Poliamor ártico: tchuktchi, a tribo nômade do Norte que trocava esposas

Library of Congress
Este costume de casamento pode parecer estranho nos dias de hoje. Mas os povos minoritários, em especial os tchuktchi, viam vantagens importantes nessa prática.

Os tchuktchi, um povo indígena do Extremo Norte, vivem conforme as leis do levirato: se aquele que provém o sustento vier a falecer, um irmão ou outro parente próximo do morto deve cuidar de sua família. Ele é obrigado a se casar com a viúva e adotar seus filhos.

Mas isso é apenas parte da tradição matrimonial. De fato, por muito tempo, as pessoas consideraram o casamento em grupo absolutamente normal – quando homens casados ​​trocam de esposas com seus amigos próximos ou parentes distantes.

Como funciona o casamento em grupo?

Tchuktchi sentados na entrada de sua residência, 1901

Os tchuktchi chamam a prática de “companhia para esposa” ou nevtumgit. Nele, os homens concluem um acordo de amizade, dando a cada uma das partes o direito à esposa do amigo. O contrato é organizado como um casamento ritual, com unção de sangue e sacrifício.

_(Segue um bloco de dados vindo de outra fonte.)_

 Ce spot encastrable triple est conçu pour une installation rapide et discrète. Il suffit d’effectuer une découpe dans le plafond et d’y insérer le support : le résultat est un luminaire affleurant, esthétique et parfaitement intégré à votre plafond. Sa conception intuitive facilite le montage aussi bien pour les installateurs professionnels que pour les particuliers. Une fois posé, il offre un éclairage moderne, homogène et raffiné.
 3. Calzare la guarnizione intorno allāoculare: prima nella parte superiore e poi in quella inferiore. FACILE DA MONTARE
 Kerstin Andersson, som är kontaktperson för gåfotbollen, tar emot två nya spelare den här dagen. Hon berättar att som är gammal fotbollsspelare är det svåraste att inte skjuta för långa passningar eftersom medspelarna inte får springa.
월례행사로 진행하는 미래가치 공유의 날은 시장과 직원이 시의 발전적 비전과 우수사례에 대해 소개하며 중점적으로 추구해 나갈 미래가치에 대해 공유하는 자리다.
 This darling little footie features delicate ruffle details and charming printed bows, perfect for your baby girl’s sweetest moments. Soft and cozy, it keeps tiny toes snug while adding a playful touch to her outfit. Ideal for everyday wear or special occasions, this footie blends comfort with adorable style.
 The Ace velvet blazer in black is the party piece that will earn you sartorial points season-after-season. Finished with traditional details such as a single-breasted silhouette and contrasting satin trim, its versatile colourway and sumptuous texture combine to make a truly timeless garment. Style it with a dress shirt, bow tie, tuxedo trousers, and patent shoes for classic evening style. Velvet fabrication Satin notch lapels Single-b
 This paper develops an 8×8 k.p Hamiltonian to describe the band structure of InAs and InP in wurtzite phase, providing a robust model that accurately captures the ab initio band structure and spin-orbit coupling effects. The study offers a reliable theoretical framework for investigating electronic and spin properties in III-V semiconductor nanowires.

Um casamento em grupo pode incluir dois ou mais casais. A principal condição era que eles tivessem uma casa separada, que eles não fossem parentes um do outro e que tivessem aproximadamente a mesma idade. Irmãos de sangue não poderiam participar dessa troca, assim como pessoas de diferentes gerações.

Tchukotka, 1968

Paralelamente, a troca de esposas era comparativamente rara, durante as viagens ao campo da “esposa-casal”. Cada homem tomava uma esposa do outro, vivia com ela por alguns meses e depois, via de regra, a devolvia ao marido (embora houvesse casos em que ele a mantivesse inteiramente para si). Todos os membros dessa grande família coletiva eram considerados parentes iguais, igualmente responsáveis ​​uns pelos outros, e todos os filhos nascidos de um “casal de casados” eram considerados irmãos e irmãs, que não podiam manter relações íntimas. Apenas os bens permanecem separados: os filhos de um casamento coletivo não poderiam reivindicá-los, e os casais não tinham bens em comum.

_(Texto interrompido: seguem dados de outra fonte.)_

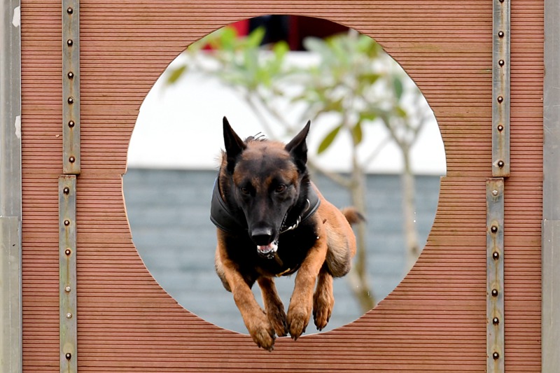 •      上午9點(diǎn),警犬技術(shù)匯報(bào)演練正式開始,進(jìn)行匯報(bào)演練的是從全省174名警犬技術(shù)人員和238頭警犬中選撥出來的優(yōu)秀代表,共有單犬服從、穿越障礙、箱包搜毒、飛車撲咬、車輛搜爆、追蹤、房屋搜捕、制服暴恐分子(雙犬撲咬)、群體性事件處置等九個(gè)項(xiàng)目,現(xiàn)場(chǎng)氣氛濃厚,競(jìng)爭(zhēng)激烈。此次警犬技術(shù)實(shí)戰(zhàn)對(duì)抗比武為期三天,來自全省公安機(jī)關(guān)的59名帶犬民警和45頭警犬將參加追蹤、搜捕、搜毒、搜爆等4個(gè)科目的比武,將決出團(tuán)體前三名和4個(gè)單項(xiàng)科目的前三名,參加比武的都是勤學(xué)苦練、甘于奉獻(xiàn)的基層警犬技術(shù)人員,他們積極使用警犬技術(shù)維護(hù)一方平安,為建設(shè)平安海南默默貢獻(xiàn)力量。
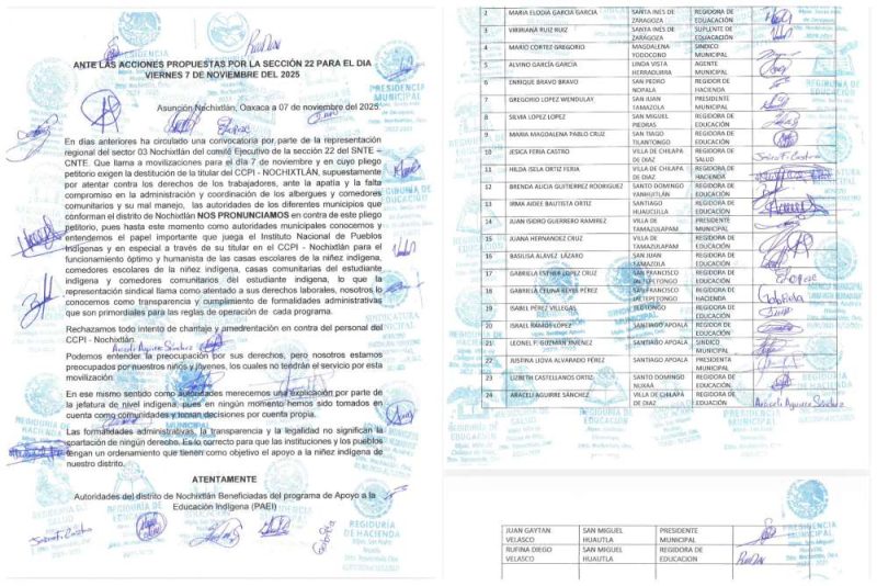 Oaxaca, Oax., a 8 de noviembre de 2025.- Autoridades de varios municipios del distrito de Nochixtlán negaron los señalamientos de la Sección 22 del magisterio oaxaqueño en contra de la titular del Centro Coordinador de Pueblos Indígenas (CCPI), Itayeé Cruz Guevara, por presuntamente atentar contra los derechos de los trabajadores y tener un mal manejo de comedores comunitarios y albergues escolares.
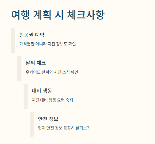 나는 여행 가기 전에 홋카이도 항공권 예약할 때 지진 같은 건 전혀 생각 못 했었거든. 보통 우리가 여행지 고를 때 홋카이도 날씨나 맛집 정보만 보잖아? 근데 이번 경험을 통해 느낀 게, 앞으로는 꼭 지진 발생 지역인지도 한 번 체크해보는 게 좋겠더라구.

Por muito tempo, até meados do século 20, os tchuktchi acreditavam que esse costume de casamento tinha boas razões para continuar.

Sobreviver é lucrativo

Família tchuktchi em sua iaranga, a moradia tradicional dos pastores de renas durante as migrações nômades na tundra, 1987

A sobrevivência e continuação de sua própria linhagem era a principal tarefa das sociedades nômades. Os tchuktchi se viram obrigados a sobreviver em condições muito duras. Nessa situação, era mais vantajoso permanecer em grandes grupos: um grande número de membros em uma família extensa aumentava as chances de sobrevivência, motivo pelo qual era vantajoso para os deficientes ou pobres se juntarem aos irmãos ricos. O nascimento de qualquer criança na tundra era percebido pelos tchuktchi como uma grande felicidade, não sendo tão importante para eles quem era o pai biológico. Eles cuidavam de seus filhos todos juntos, assim como nas sociedades primitivas.

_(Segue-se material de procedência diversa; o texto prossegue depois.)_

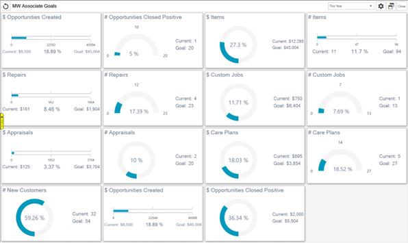 In addition to available reports, you and your associates can track their Goals using the Dashboard feature. Setting up Dashboards for Goals works just like any other Dashboard tile setup.
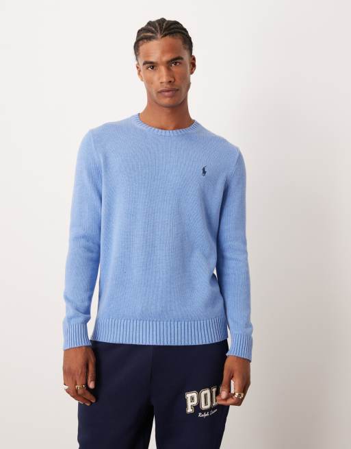Polo Ralph Lauren icon logo heavyweight cotton knit jumper in soft blue
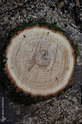 Wooden stump. Wood texture. Sawn tree with annual rings.
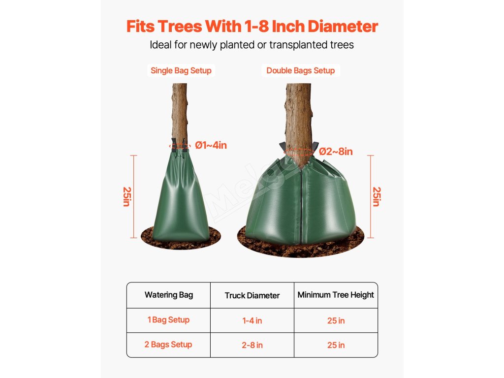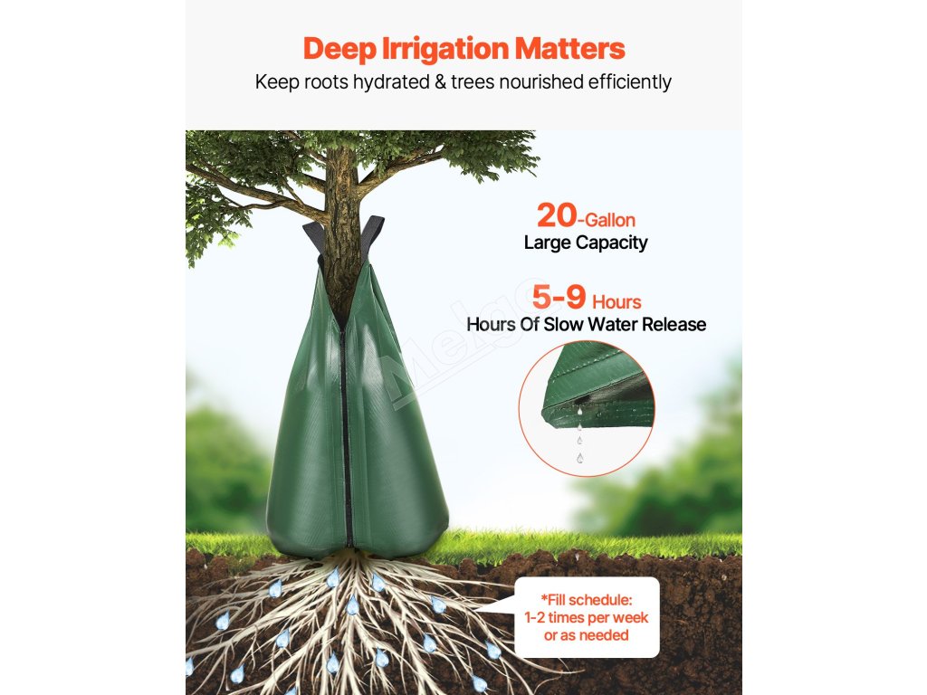 Toto zavlažovacie vrecko na stromy je ideálne pre nové výsadby alebo stromy citlivé na sucho v záhradách a sadoch a zabezpečuje účinné a stabilné zavlažovanie. Vak s veľkou kapacitou 20 galónov (75,7 l) pomaly uvoľňuje vodu v priebehu 5 až 9 hodín, čím hĺbkovo hydratuje korene stromov a podporuje ich zdravý rast.

Acampamento de pastores de renas na aldeia de Kantchalan, em Tchukotka, 2008

Troca de mercadorias e networking

O etnógrafo russo Konstantin Kuksin observou que essa “confraternização” era benéfica para a troca de mercadorias nas condições do norte: as pessoas tentavam organizar um casamento coletivo com representantes de diferentes profissões - pescadores, criadores de renas etc. Isso transformava a referida família em um forte conglomerado independente.

Tchuktchi em frente à sua residência, em trajes de pele tradicionais, 1910

Os etnógrafos também observaram que os thuktchi oferecem suas esposas para passar a noite com desconhecidos em troca de algumas coisas (como tabaco ou joias para a esposa) ou como sinal de amizade. Paralelamente, todos os observadores notaram que a mulher não se importava. Esboços sobre a vida dos indígenas de Tchukotka foram publicados em várias edições do jornal “Estrela Polar” de 1924, onde o costume de nevtumgit era descrito: “A visão deles sobre os laços familiares é muito simples. Um thuktchi, por exemplo, oferece a sua esposa para um hóspede querido, e ele mesmo vai passear pela praia durante esse tempo. Eles não têm uma atitude possessiva em relação à esposa ou marido”.

 1889

Os envolvidos em nevtumgit eram sobretudo homens que não tinham parentes de sangue mais jovens na linha masculina. No caso de morte, as esposas e filhos ficaram sem patrono ou provedor.

Ausência de filhos

Uma boa razão para um casal participar de um casamento coletivo é a ausência de filhos. Se o casal não tivesse filhos devido à disfunção reprodutiva do homem, a mulher teria a possibilidade de engravidar.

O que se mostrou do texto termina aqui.